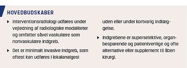 Interventional radiology (IR) is a fast expanding field which includes vascular (arterial and venous) as well as non-vascular topics. IR is minimally invasive methods, which are performed under guidance of radiological modalities. The methods are in general patient-friendly and organ-sparing procedures and can often be performed on out-patient basis or with short admission to the hospital and with short reconvalescence and economic advantages compared with corresponding surgical treatments. IR has in some cases substituted former surgical procedures. Technological development has facilitated increasing IR treatment offers and indications, and there is a high level of evidence for many of the offers.
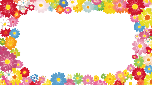 Vibrant colorful flower frame with a transparent background. Perfect for spring and summer designs
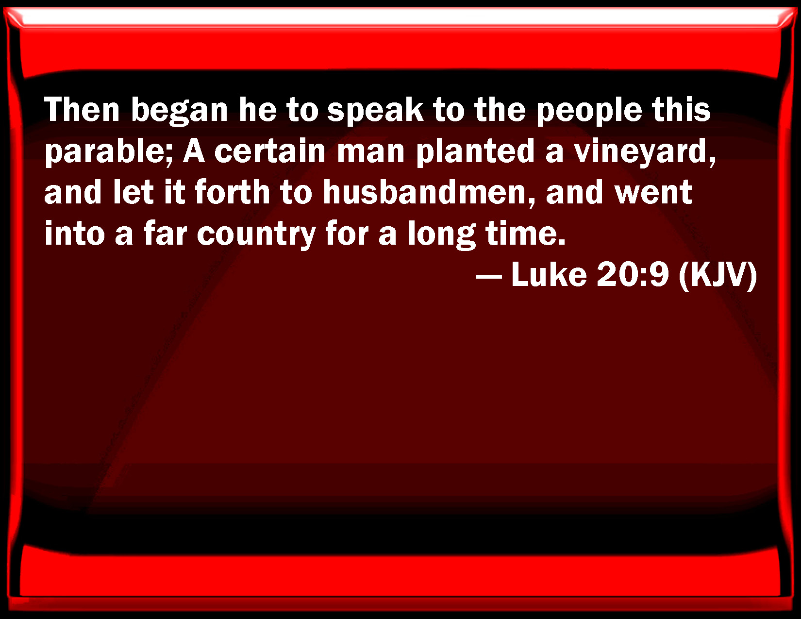 Bible Verse Slide Luke 20:9 Then began he to speak to the people this parable; A certain man planted a vineyard, and let it forth to farmers, and went into a far country for a long time. KJV: Then began he to speak to the people this parable; A certain man planted a vineyard, and let it forth to husbandmen, and went into a far country for a long time. DRB: And he began to speak to the people this parable: A certain man planted a vineyard, and let it out to husbandmen: and he was abroad for a long time. DBT: And he began to speak to the people this parable: A man planted a vineyard and let it out to husbandmen, and left the country for a long time. ERV: And he began to speak unto the people this parable: A man planted a vineyard, and let it out to husbandmen, and went into another country for a long time. WBT: Then he began to speak to the people this parable; A certain man planted a vineyard, and let it to husbandmen, and went into a far country for a long time. WEB: He began to tell the people this parable. "A man planted a vineyard, and rented it out to some farmers, and went into another country for a long time. YLT: And he began to speak unto the people this simile: 'A certain man planted a vineyard, and gave it out to husbandmen, and went abroad for a long time,Links Luke 20:9 NIV • Luke 20:9 NLT • Luke 20:9 ESV • Luke 20:9 NASB • Luke 20:9 KJV • Luke 20:9 Interlinear • Luke 20:9 Commentaries • Luke 20:9 Parallel Texts • Luke 20:9 Bible Apps • Luke 20:9 Parallel • Bible Hub |
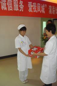 另一方面,他们又用鲜活的事实讲述着凤城人以诚信为本,患者至上,想病人之所想、急病人之所急,不分上下班时间,齐心协力,一次次从死神面前将患者拉回时,患者和家属深受感动给工作人员带来的欣慰。同时也表现出,凤城医院以诚信创造品牌,严格执行相关的法律法规和十五项核心制度,赢得患者信任,百姓好评,同行认同,国家认可,成功获得二级甲等医院、全国爱婴医院、中国显微外科培训基地等光荣称号时的自豪感。
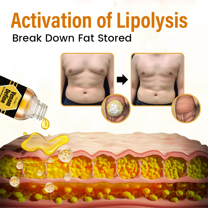 Timilk® VenomDefine Bee Venom Oil contains a powerful blend of active ingredients, with one of the core components being a natural bee venom extract. Its key compound, Melittin, activates the body’s lipolysis mechanism, penetrating deep into the subcutaneous fat layer to target localized fat deposits. This helps break down excess fat cells, effectively reducing chest fat accumulation and glandular enlargement in men.
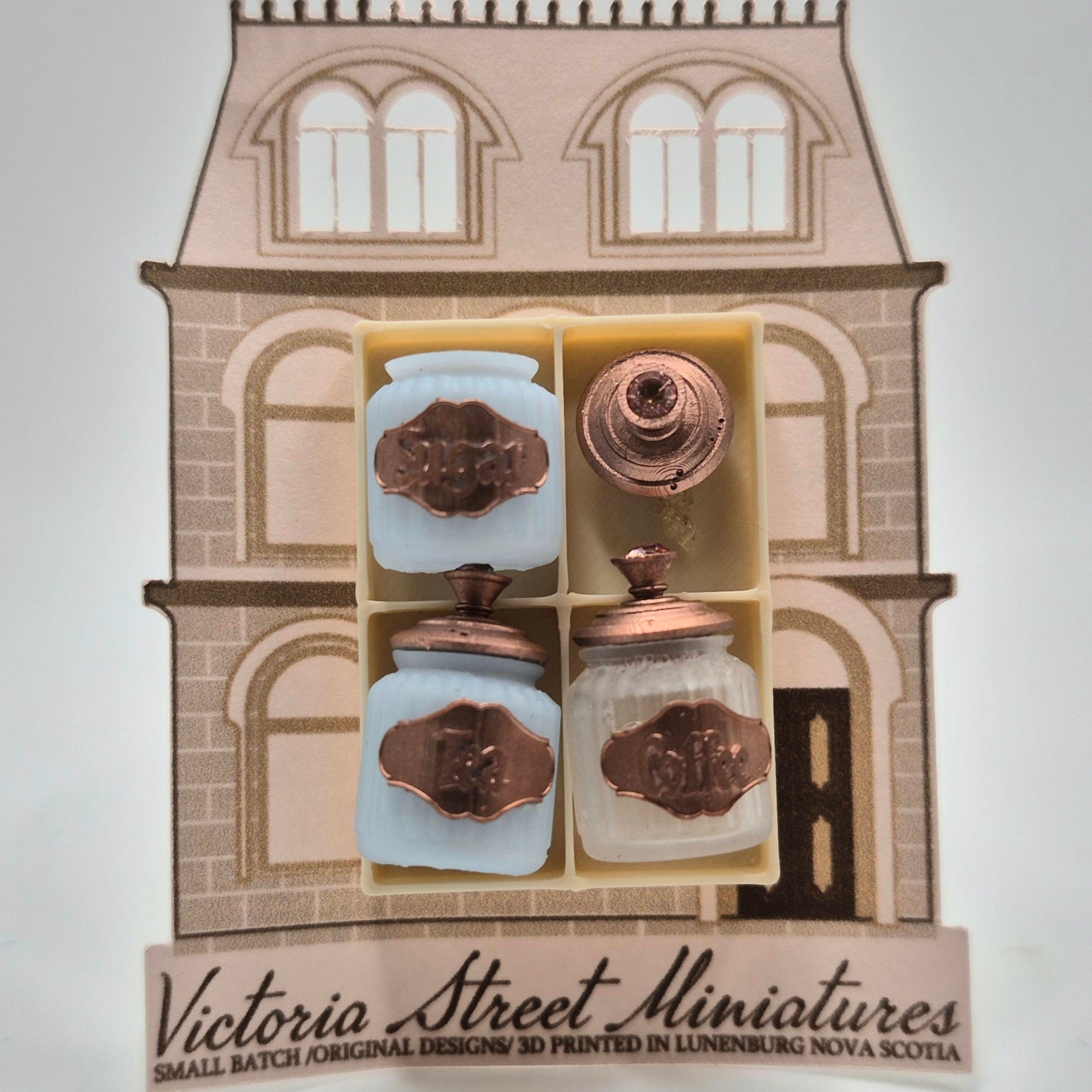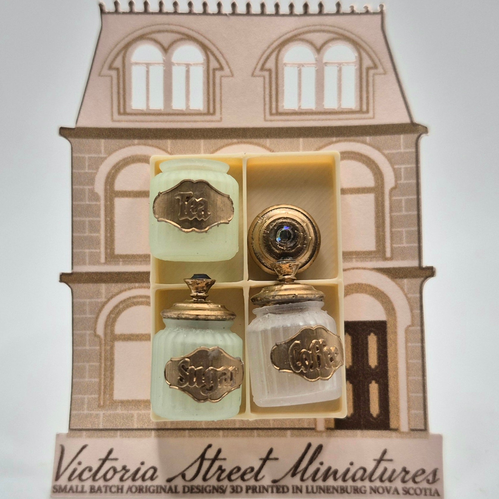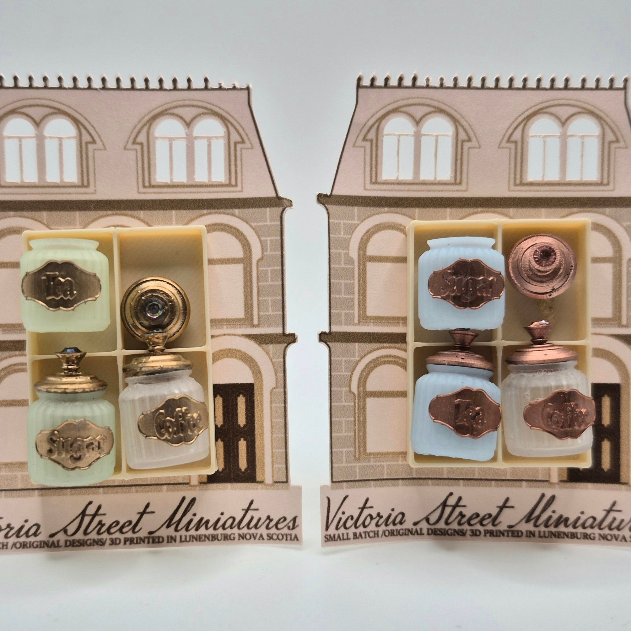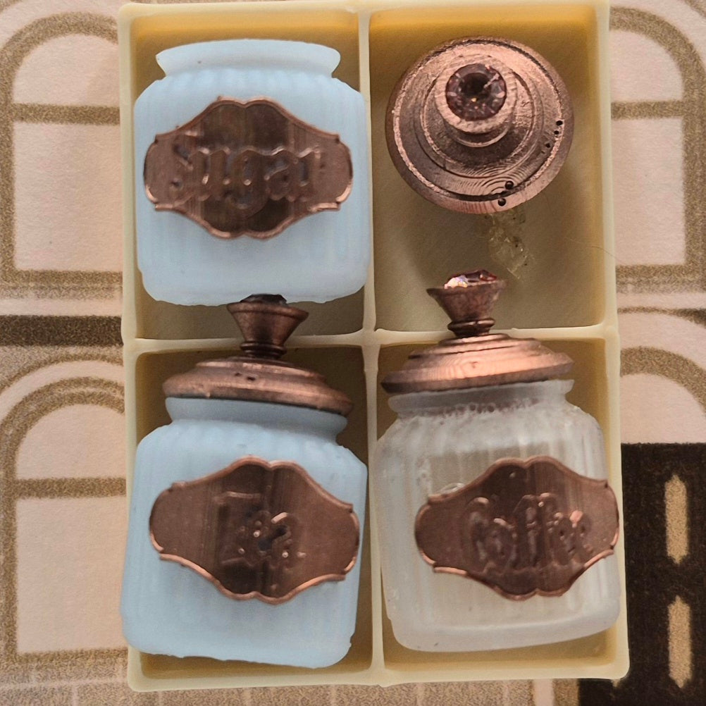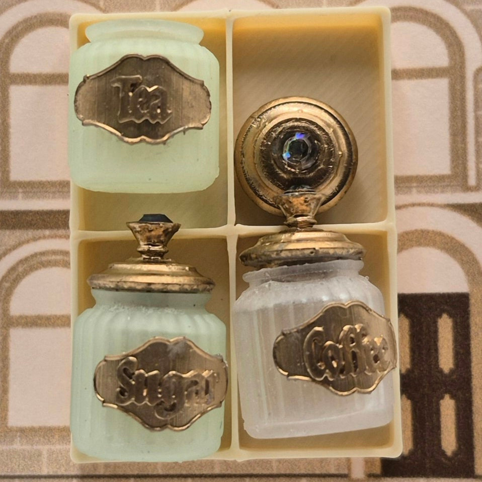 3-piece set of jars labeled "Tea", "Coffee", and "Sugar". All pieces are 3D printed miniatures from NS artisan, Ivette Orellana. Available in green and blue. 1/12 scale miniature for your dollhouse or diorama.
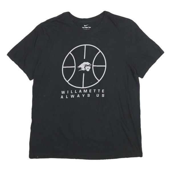 This Nike men's T-shirt features a classic black colour with a striking light grey graphic on the front. The print shows a stylised basketball design with a fierce animal head at the centre and the text "WILLAMETTE ALWAYS US" beneath it, giving it a sporty and collegiate vibe. The back is plain black with a small white Nike swoosh near the neckline.
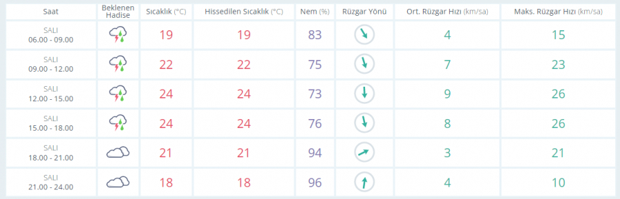 Parçalı ve çok bulutlu, bölge genelinin yerel sağanak ve gök gürültülü sağanak yağışlı geçeceği tahmin ediliyor. Yağışların, Batı Akdeniz'de yer yer kuvvetli olması bekleniyor. Rüzgarın, Doğu Akdeniz iç kesimlerinde güney yönlerden yer yer kuvvetli (40-60 km/saat) eseceği tahmin ediliyor.
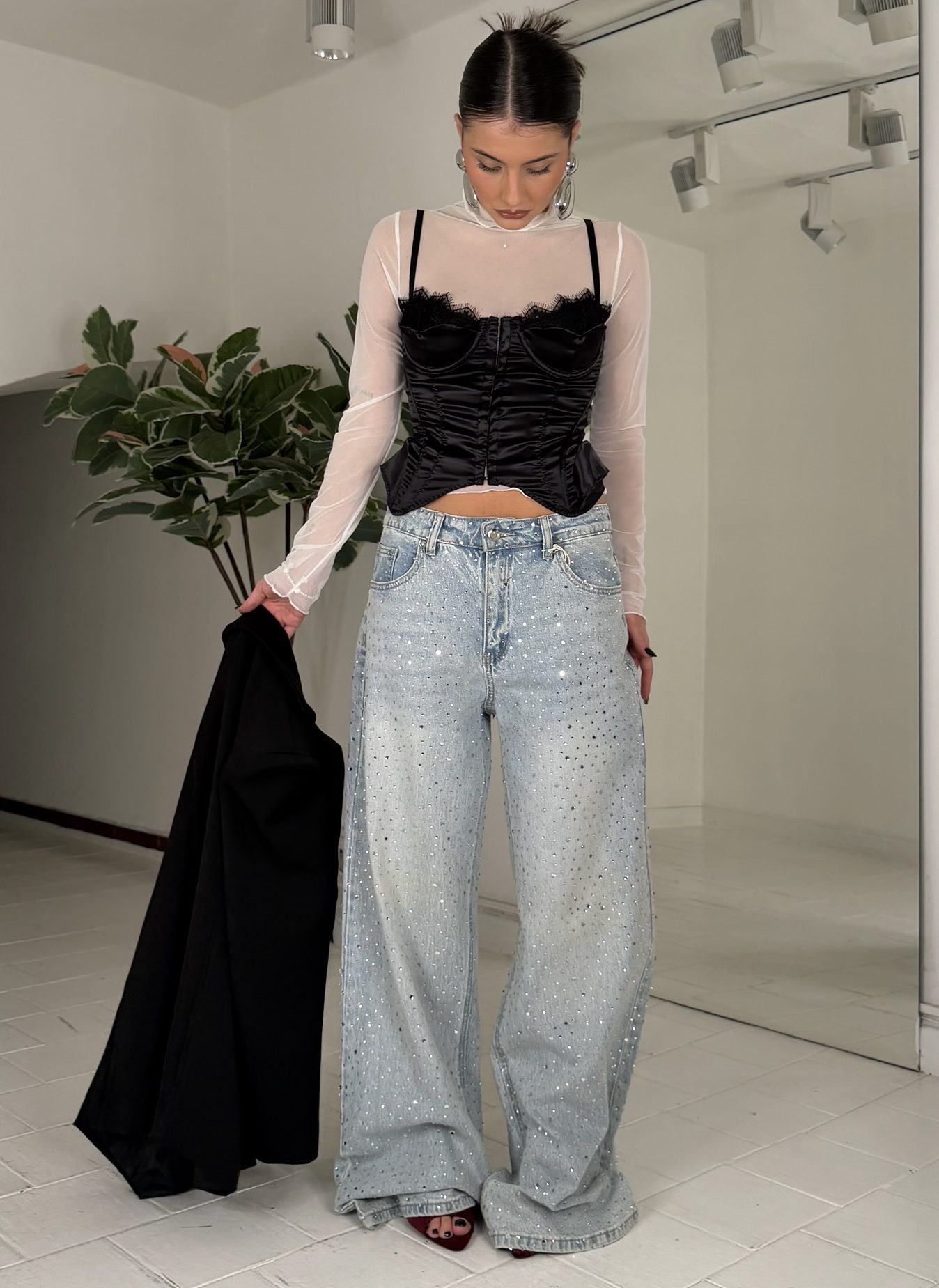 Modella รฉ una taglia S ed indossa la taglia M per vestibilitร vita bassa. La modella รจ una taglia S ed รจ alta 1.60cm
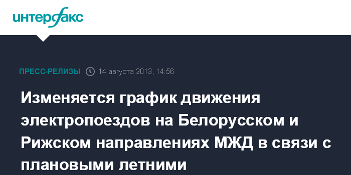Изменяется график движения электропоездов на Белорусском и Рижском направлениях МЖД в связи с плановыми летними ремонтно-путевыми работами
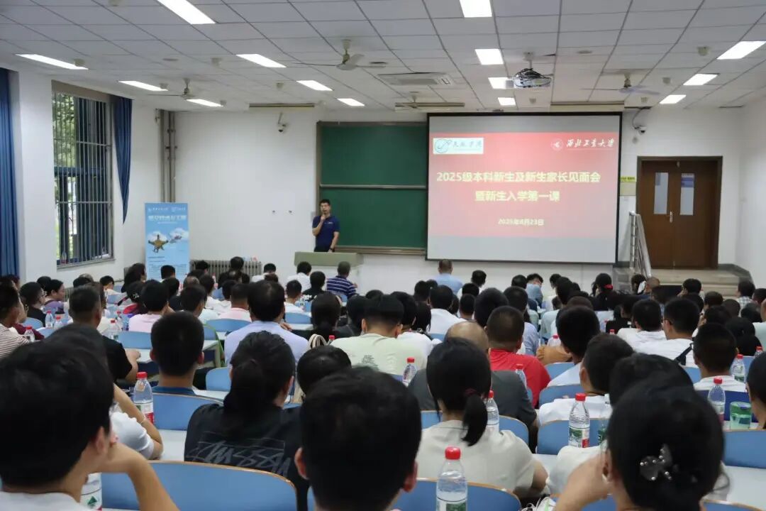 为贯彻“育人为本、德育为先”的教育方针,进一步加强家校互动,凝聚育人共识,西北工业大学民航学院于8月23日下午在长安校区教学西楼A座104教室召开了2025级本科新生及新生家长见面会暨新生入学第一课。学院党总支书记闫伟、教学大类首席马存宝教授、新生辅导员刘少华、学工主管苟旭丰以及班主任、学长代表,与本科新生和新生家长共200余人参加了本次活动。会议由学院党总支副书记张龙主持。
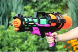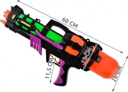 Táto vodná pištoľ kombinuje veľkosť, výkon a pohodlie. Obrovská nádrž s objemom 1,25 litra predĺži hru bez častého dopĺňania a dosah cca 6 metrov zaistí pôsobivý prúd vody. Ovládanie je jednoduché: odskrutkujte zásobník, naplňte vodou, uzavrite a pomocou spodného posúvača napumpujte – pripravené na striekanie.
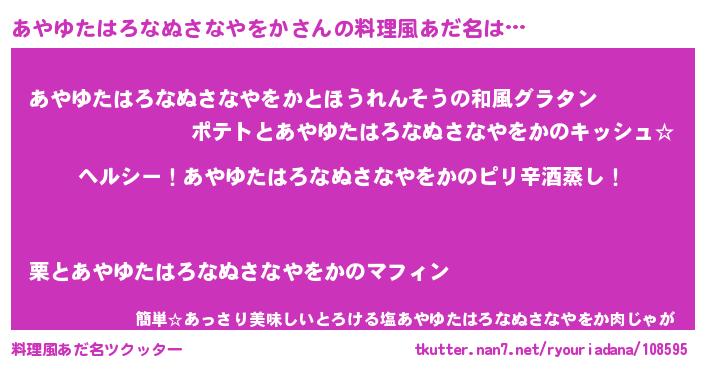 | 男性向けラノベタイトル風あだ名 | 『Re:あやゆたはろなぬさなやをかから始める異世界生活』 |
.....
§ **WHAT NEEDS TO BE DONE**: Only the text of the records belongs in your answer, copied exactly as it appears above.

§ **TASK RESPONSE**:
 Interventional radiology (IR) is a fast expanding field which includes vascular (arterial and venous) as well as non-vascular topics. IR is minimally invasive methods, which are performed under guidance of radiological modalities. The methods are in general patient-friendly and organ-sparing procedures and can often be performed on out-patient basis or with short admission to the hospital and with short reconvalescence and economic advantages compared with corresponding surgical treatments. IR has in some cases substituted former surgical procedures. Technological development has facilitated increasing IR treatment offers and indications, and there is a high level of evidence for many of the offers.
 Vibrant colorful flower frame with a transparent background. Perfect for spring and summer designs
 Bible Verse Slide Luke 20:9 Then began he to speak to the people this parable; A certain man planted a vineyard, and let it forth to farmers, and went into a far country for a long time. KJV: Then began he to speak to the people this parable; A certain man planted a vineyard, and let it forth to husbandmen, and went into a far country for a long time. DRB: And he began to speak to the people this parable: A certain man planted a vineyard, and let it out to husbandmen: and he was abroad for a long time. DBT: And he began to speak to the people this parable: A man planted a vineyard and let it out to husbandmen, and left the country for a long time. ERV: And he began to speak unto the people this parable: A man planted a vineyard, and let it out to husbandmen, and went into another country for a long time. WBT: Then he began to speak to the people this parable; A certain man planted a vineyard, and let it to husbandmen, and went into a far country for a long time. WEB: He began to tell the people this parable. "A man planted a vineyard, and rented it out to some farmers, and went into another country for a long time. YLT: And he began to speak unto the people this simile: 'A certain man planted a vineyard, and gave it out to husbandmen, and went abroad for a long time,Links Luke 20:9 NIV • Luke 20:9 NLT • Luke 20:9 ESV • Luke 20:9 NASB • Luke 20:9 KJV • Luke 20:9 Interlinear • Luke 20:9 Commentaries • Luke 20:9 Parallel Texts • Luke 20:9 Bible Apps • Luke 20:9 Parallel • Bible Hub |
 另一方面,他们又用鲜活的事实讲述着凤城人以诚信为本,患者至上,想病人之所想、急病人之所急,不分上下班时间,齐心协力,一次次从死神面前将患者拉回时,患者和家属深受感动给工作人员带来的欣慰。同时也表现出,凤城医院以诚信创造品牌,严格执行相关的法律法规和十五项核心制度,赢得患者信任,百姓好评,同行认同,国家认可,成功获得二级甲等医院、全国爱婴医院、中国显微外科培训基地等光荣称号时的自豪感。
 Timilk® VenomDefine Bee Venom Oil contains a powerful blend of active ingredients, with one of the core components being a natural bee venom extract. Its key compound, Melittin, activates the body’s lipolysis mechanism, penetrating deep into the subcutaneous fat layer to target localized fat deposits. This helps break down excess fat cells, effectively reducing chest fat accumulation and glandular enlargement in men.
 3-piece set of jars labeled "Tea", "Coffee", and "Sugar". All pieces are 3D printed miniatures from NS artisan, Ivette Orellana. Available in green and blue. 1/12 scale miniature for your dollhouse or diorama.
 This Nike men's T-shirt features a classic black colour with a striking light grey graphic on the front. The print shows a stylised basketball design with a fierce animal head at the centre and the text "WILLAMETTE ALWAYS US" beneath it, giving it a sporty and collegiate vibe. The back is plain black with a small white Nike swoosh near the neckline.
 Parçalı ve çok bulutlu, bölge genelinin yerel sağanak ve gök gürültülü sağanak yağışlı geçeceği tahmin ediliyor. Yağışların, Batı Akdeniz'de yer yer kuvvetli olması bekleniyor. Rüzgarın, Doğu Akdeniz iç kesimlerinde güney yönlerden yer yer kuvvetli (40-60 km/saat) eseceği tahmin ediliyor.
 Modella รฉ una taglia S ed indossa la taglia M per vestibilitร vita bassa. La modella รจ una taglia S ed รจ alta 1.60cm
Изменяется график движения электропоездов на Белорусском и Рижском направлениях МЖД в связи с плановыми летними ремонтно-путевыми работами
 为贯彻“育人为本、德育为先”的教育方针,进一步加强家校互动,凝聚育人共识,西北工业大学民航学院于8月23日下午在长安校区教学西楼A座104教室召开了2025级本科新生及新生家长见面会暨新生入学第一课。学院党总支书记闫伟、教学大类首席马存宝教授、新生辅导员刘少华、学工主管苟旭丰以及班主任、学长代表,与本科新生和新生家长共200余人参加了本次活动。会议由学院党总支副书记张龙主持。
 Táto vodná pištoľ kombinuje veľkosť, výkon a pohodlie. Obrovská nádrž s objemom 1,25 litra predĺži hru bez častého dopĺňania a dosah cca 6 metrov zaistí pôsobivý prúd vody. Ovládanie je jednoduché: odskrutkujte zásobník, naplňte vodou, uzavrite a pomocou spodného posúvača napumpujte – pripravené na striekanie.
 | 男性向けラノベタイトル風あだ名 | 『Re:あやゆたはろなぬさなやをかから始める異世界生活』 |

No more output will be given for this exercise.